Окончательная синхронизация
Шрифт:
— Уф, хоть на этом спасибо! — облегченно выдохнула Эва, — Чувствую себя, как свинья после прогулки в болоте. Может и переодеться найдется во что?
— В комнатах пошарьте в шкафах, там обязательно должно быть сменное белье и что-то из одежды. Насчет размеров не обещаю, но сухо и чисто, — добавил куратор на прощание.
Мы устроили куратора поудобнее на кушетке, накрыли одеялом и вышли из бокса. Двери решили не закрывать, вдруг чего случится, хотя бы услышим. Устроились напротив медотсека в стерильно пустой комнате.

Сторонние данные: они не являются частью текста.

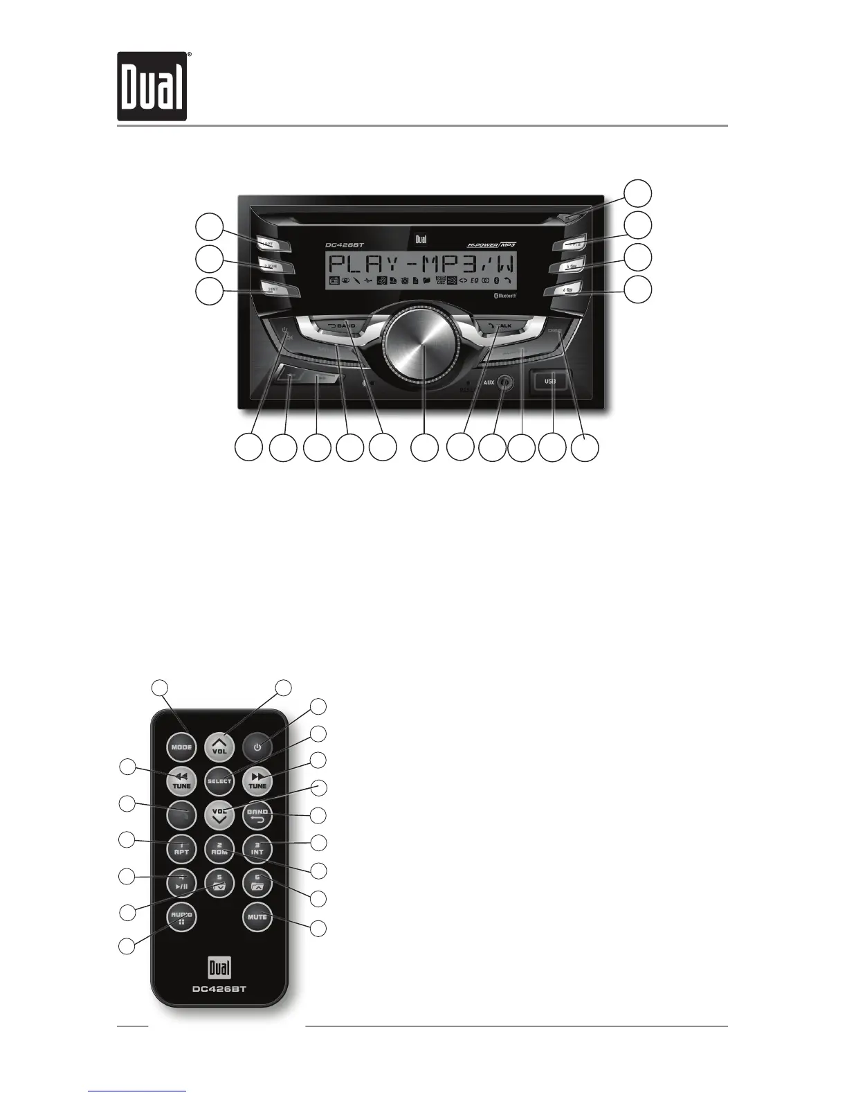 Dual DC426BT - Control Panel Layout; Receiver Button Functions
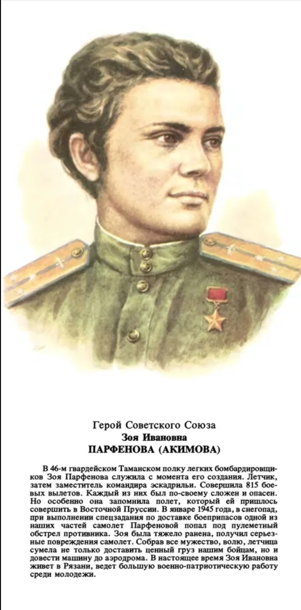Зоя Ивановна Парфенова (Акимова)- единственная женщина чувашка удостоенная звания Героя Советского Союза . Участник Великой Отечественной войны, заместитель командира эскадрильи 46-го гвардейского ночного бомбардировочного авиационного полка, гвардии старший лейтенант, Герой Советского Союза. Зоя родилась 21 июня 1920 года в городе Алатырь Симбирской губернии (сейчас Чувашская Республика )в семье рабочего. Окончив семилетнюю школу, Зоя продолжила обучение в медицинском училище. Девушка мечтала о небе и авиации. Узнав, что Алатырским аэроклубом был объявлен очередной прием курсантов, тайком от родных и друзей Зоя подала заявление в аэроклуб, прошла комиссию и поступила. Совмещать учебу и в аэроклубе и в медицинском училище было нелегко, но какие трудности могут остановить если впереди ждет небо. Сдав экзамены и став медицинской сестрой, Зоя продолжала учебу и в аэроклубе. В 1939 г. Зоя Ивановна с отличием окончив аэроклуб была оставлена работать в нем летчиком-инструктором.
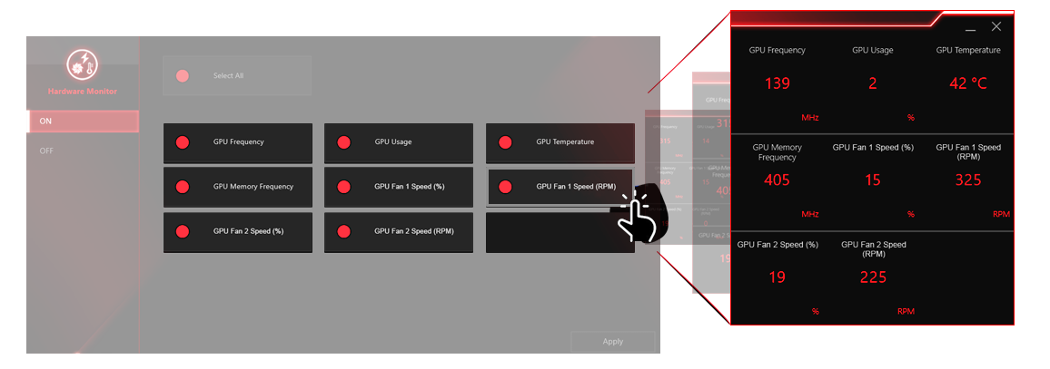 该功能可以实时显示关键的硬件信息,包括:温度,使用率,频率和电压,用户还可从中自行选择自己最关注的信息来显示。
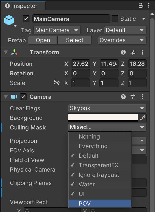 To control what layers each of the different cameras can see, update the MainCamera so that its Culling Mask excludes rendering the POV layer.
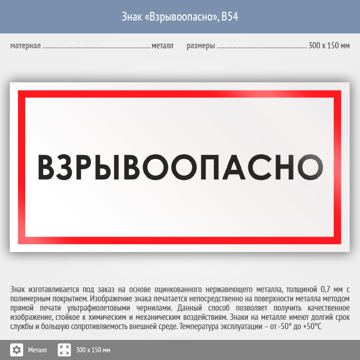 Знак «Взрывоопасно», B54 (металл, 300х150 мм) в Ульяновске купить
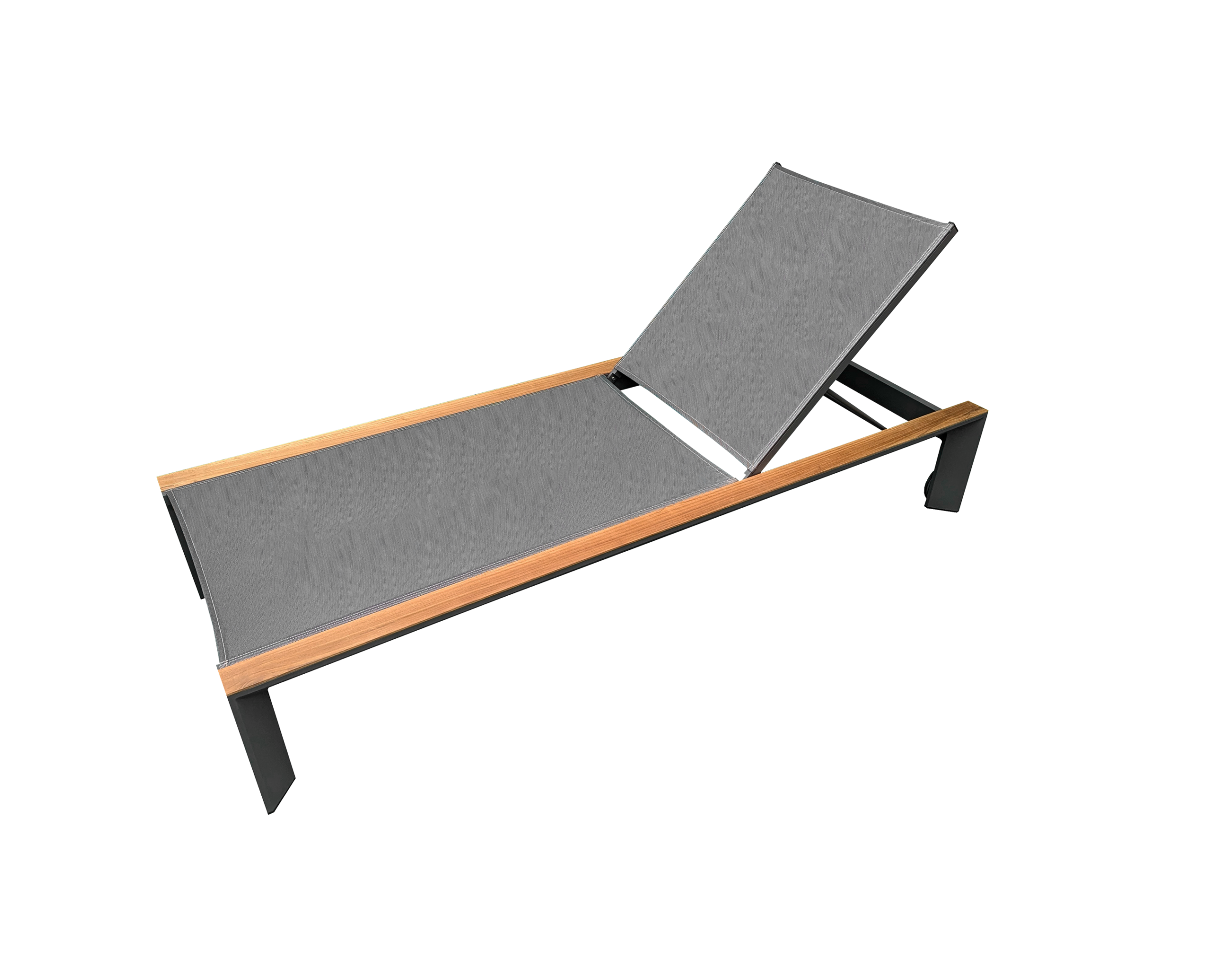Rengard HARRY Aluminium and Teak Sun Lounger with Wheels and Adjustable Incline
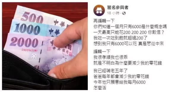 我已經啃老5年,爸爸都會減少我的零用錢,今年開始,他只願意每月給6千,我不明白,我很孝順也很乖,養不起我為什麼要生?想到每月就6千,偷偷哭了好幾次... #詳情見留言
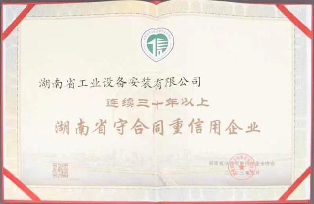 (湖南安装获得“连续三十年以上湖南省守合同重信用企业”称号。)

Странно тут как-то все — чисто и пусто, словно все ушли, потом все помыли, почистили и подготовили для следующих жильцов. Одежда лежит, белье, простынки. Приют таежный для заблудившихся
Одежду нашли быстро, действительно чистая, пахнущая недавней дезинфекцией. Быстренько сполоснулись в душевой кабинке, переоделись и почувствовали, что минувшие события изрядно укрепили в нас чувство голода. Настала пора ему жестоко отомстить борщом и котлетами. Хотя…
После недолгой инспекции холодильников и шкафов борща в пакете не нашлось. Мы разогрели по паре брикетов с соблазнительной надписью «Пюре картофельное с бифштексом натуральным», съели их в тишине, запили водой и отодвинулись от стола, чувствуя сытную дрему.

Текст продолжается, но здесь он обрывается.